(Exercise materials)

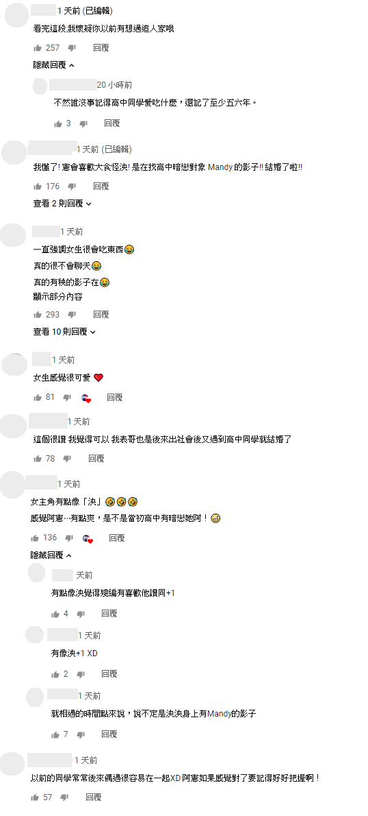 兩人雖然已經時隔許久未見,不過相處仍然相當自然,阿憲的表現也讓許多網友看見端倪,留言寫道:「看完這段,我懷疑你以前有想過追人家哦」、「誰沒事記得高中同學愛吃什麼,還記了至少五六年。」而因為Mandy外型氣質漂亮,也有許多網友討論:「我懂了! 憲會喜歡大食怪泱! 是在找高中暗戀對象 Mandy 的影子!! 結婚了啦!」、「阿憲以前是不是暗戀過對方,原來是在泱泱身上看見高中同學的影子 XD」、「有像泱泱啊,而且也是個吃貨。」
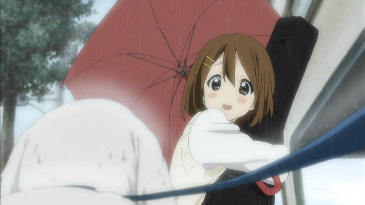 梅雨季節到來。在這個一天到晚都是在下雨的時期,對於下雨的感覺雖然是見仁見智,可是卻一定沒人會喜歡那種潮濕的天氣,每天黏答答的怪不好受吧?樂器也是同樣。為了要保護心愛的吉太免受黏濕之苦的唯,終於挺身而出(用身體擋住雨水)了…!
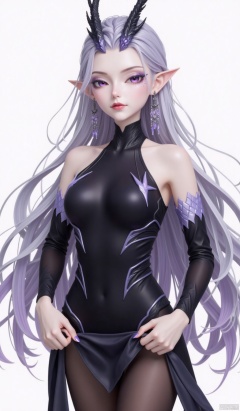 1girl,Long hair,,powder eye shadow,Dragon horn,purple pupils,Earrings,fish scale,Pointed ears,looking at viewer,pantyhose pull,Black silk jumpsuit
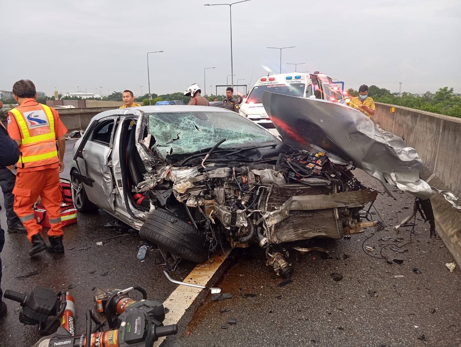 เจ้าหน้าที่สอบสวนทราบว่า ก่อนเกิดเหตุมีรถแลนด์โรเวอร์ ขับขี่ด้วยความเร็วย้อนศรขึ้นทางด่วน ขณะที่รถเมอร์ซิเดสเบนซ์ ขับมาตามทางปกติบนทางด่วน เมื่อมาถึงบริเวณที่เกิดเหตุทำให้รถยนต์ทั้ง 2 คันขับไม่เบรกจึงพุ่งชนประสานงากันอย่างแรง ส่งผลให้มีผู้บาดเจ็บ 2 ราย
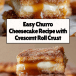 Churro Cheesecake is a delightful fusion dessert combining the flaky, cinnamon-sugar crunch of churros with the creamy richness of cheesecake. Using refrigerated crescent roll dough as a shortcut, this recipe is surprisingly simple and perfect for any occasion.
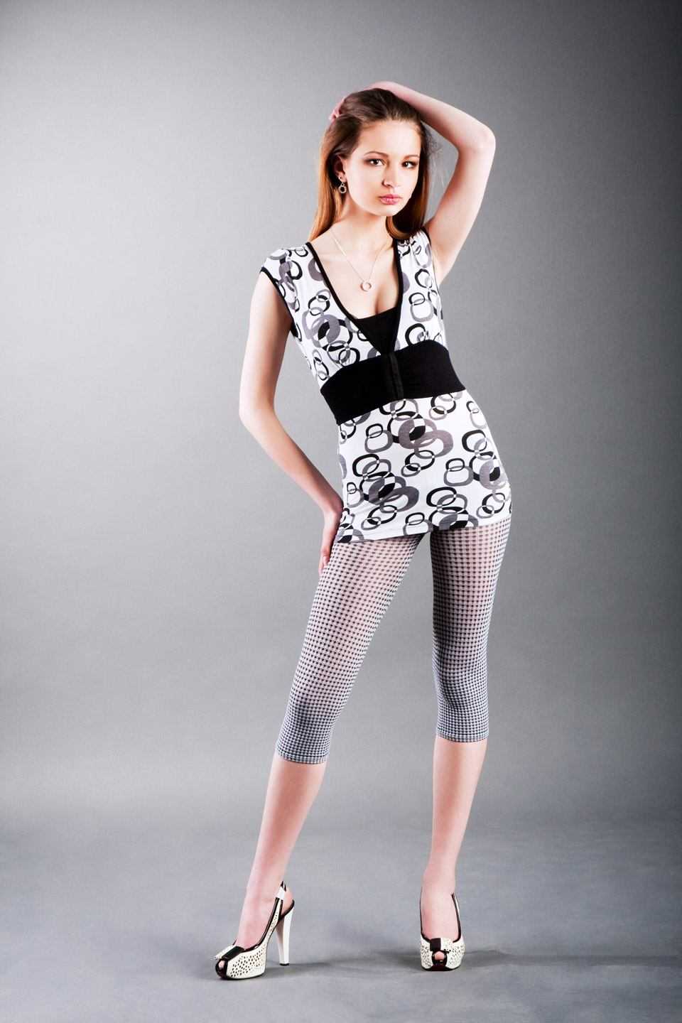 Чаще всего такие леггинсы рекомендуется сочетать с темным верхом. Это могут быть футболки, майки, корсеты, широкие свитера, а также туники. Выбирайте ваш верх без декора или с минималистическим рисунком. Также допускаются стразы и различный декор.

(End Exercise materials)
(Exercise materials)

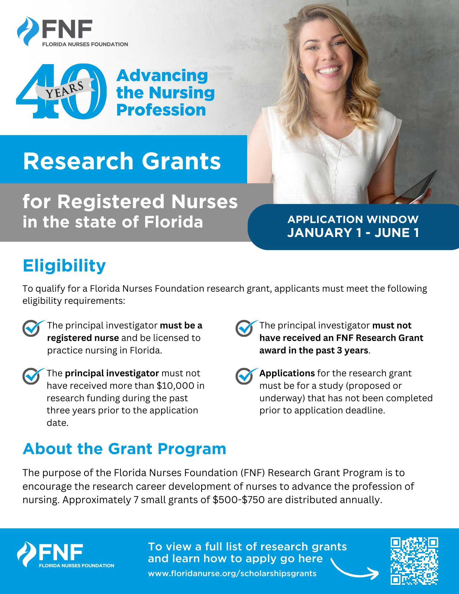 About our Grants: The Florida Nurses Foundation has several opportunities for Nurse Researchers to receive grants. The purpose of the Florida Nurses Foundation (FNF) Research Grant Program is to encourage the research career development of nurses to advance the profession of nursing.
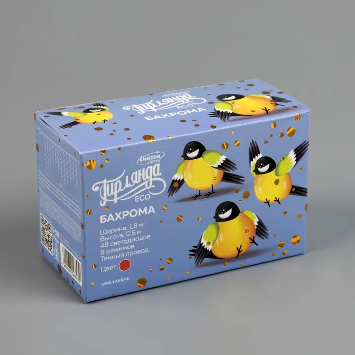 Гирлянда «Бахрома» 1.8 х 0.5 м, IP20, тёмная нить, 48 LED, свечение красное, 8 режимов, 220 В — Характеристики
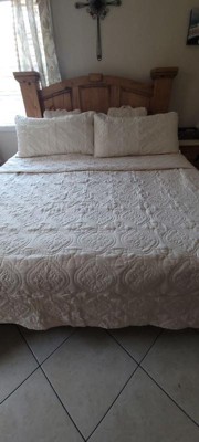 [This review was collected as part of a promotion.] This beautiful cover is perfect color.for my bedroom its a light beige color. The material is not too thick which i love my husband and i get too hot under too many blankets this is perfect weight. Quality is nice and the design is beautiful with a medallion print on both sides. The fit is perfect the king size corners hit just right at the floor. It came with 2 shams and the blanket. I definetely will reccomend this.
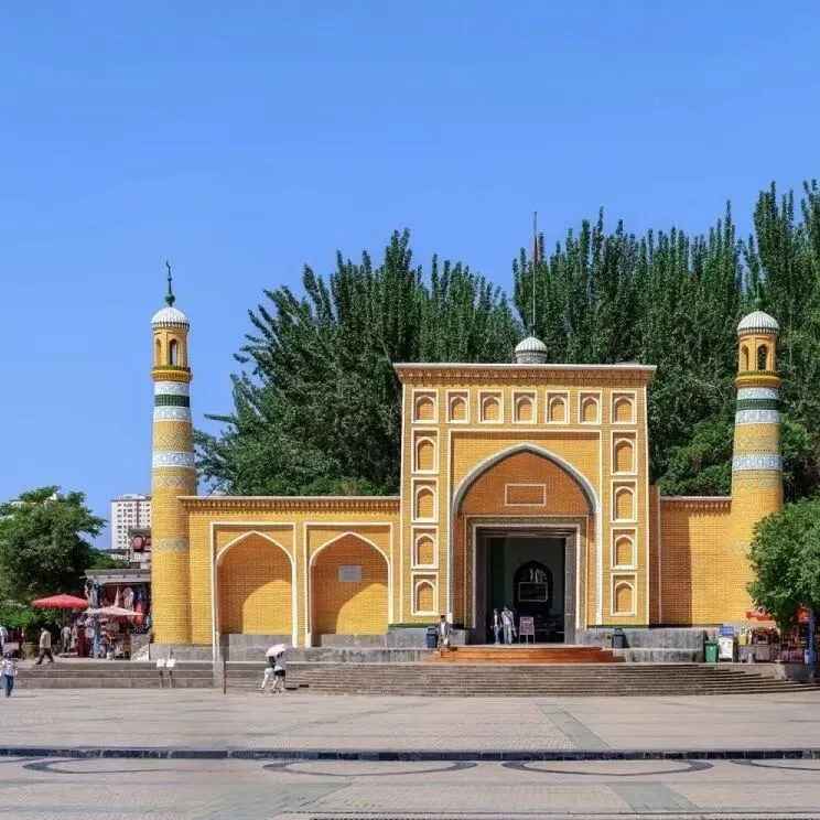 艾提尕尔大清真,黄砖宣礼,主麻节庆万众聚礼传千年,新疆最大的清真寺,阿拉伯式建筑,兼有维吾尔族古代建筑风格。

(End Exercise materials)

• Problem details:
Copy exactly, without pictures, the lines above from the one with "About our Grants: The" down to the one with "В — Характеристики", inclusive.

• Response for this exercise:
 About our Grants: The Florida Nurses Foundation has several opportunities for Nurse Researchers to receive grants. The purpose of the Florida Nurses Foundation (FNF) Research Grant Program is to encourage the research career development of nurses to advance the profession of nursing.
 Гирлянда «Бахрома» 1.8 х 0.5 м, IP20, тёмная нить, 48 LED, свечение красное, 8 режимов, 220 В — Характеристики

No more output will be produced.